# TASK GOAL
Within the entries below, find the portion that opens with the line containing "Przeprawa promowa na" and closes with the line containing "Green Floral Gown". Retype that portion exactly and only.

# SUPPLIED RECORDS
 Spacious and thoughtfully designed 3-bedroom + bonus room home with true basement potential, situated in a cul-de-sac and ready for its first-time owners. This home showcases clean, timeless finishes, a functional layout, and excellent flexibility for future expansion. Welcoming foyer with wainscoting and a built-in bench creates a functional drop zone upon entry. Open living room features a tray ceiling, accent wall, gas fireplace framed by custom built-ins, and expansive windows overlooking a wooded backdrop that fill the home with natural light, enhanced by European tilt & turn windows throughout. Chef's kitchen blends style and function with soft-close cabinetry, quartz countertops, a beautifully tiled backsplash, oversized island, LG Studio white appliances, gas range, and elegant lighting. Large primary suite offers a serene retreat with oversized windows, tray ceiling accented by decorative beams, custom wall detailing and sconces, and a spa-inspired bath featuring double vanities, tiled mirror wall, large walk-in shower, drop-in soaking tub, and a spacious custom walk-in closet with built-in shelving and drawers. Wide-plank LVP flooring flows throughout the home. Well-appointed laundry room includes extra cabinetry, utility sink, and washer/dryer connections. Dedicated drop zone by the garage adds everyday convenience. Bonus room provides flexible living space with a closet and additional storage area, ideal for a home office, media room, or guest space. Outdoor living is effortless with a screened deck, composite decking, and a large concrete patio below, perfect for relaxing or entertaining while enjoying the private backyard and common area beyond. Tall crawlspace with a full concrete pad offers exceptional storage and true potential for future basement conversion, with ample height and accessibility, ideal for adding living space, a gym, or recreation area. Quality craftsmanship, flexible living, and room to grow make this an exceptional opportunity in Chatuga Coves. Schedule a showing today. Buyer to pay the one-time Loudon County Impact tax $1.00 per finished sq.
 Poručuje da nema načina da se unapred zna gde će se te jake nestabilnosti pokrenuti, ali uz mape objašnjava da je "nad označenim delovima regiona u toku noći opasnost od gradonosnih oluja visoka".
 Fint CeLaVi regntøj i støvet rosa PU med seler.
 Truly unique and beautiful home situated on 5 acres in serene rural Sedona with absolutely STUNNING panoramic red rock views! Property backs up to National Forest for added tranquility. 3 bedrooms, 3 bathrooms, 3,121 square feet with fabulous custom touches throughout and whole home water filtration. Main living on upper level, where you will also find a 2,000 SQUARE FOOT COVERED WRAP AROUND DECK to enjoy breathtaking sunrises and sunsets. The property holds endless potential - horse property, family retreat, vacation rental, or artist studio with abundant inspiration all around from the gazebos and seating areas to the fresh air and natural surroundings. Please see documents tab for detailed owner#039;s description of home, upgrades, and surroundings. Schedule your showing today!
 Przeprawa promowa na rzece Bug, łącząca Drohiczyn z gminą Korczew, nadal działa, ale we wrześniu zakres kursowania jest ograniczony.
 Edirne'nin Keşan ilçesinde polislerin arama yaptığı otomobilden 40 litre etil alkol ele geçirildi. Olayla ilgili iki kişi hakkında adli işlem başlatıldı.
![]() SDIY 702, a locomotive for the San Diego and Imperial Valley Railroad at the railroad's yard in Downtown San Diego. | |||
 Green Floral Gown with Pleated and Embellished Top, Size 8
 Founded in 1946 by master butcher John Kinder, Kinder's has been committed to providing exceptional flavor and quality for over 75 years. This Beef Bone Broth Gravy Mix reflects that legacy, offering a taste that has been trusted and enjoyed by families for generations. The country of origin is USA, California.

# SOLUTION TO THIS PROBLEM
 Przeprawa promowa na rzece Bug, łącząca Drohiczyn z gminą Korczew, nadal działa, ale we wrześniu zakres kursowania jest ograniczony.
 Edirne'nin Keşan ilçesinde polislerin arama yaptığı otomobilden 40 litre etil alkol ele geçirildi. Olayla ilgili iki kişi hakkında adli işlem başlatıldı.
![]() SDIY 702, a locomotive for the San Diego and Imperial Valley Railroad at the railroad's yard in Downtown San Diego. | |||
 Green Floral Gown with Pleated and Embellished Top, Size 8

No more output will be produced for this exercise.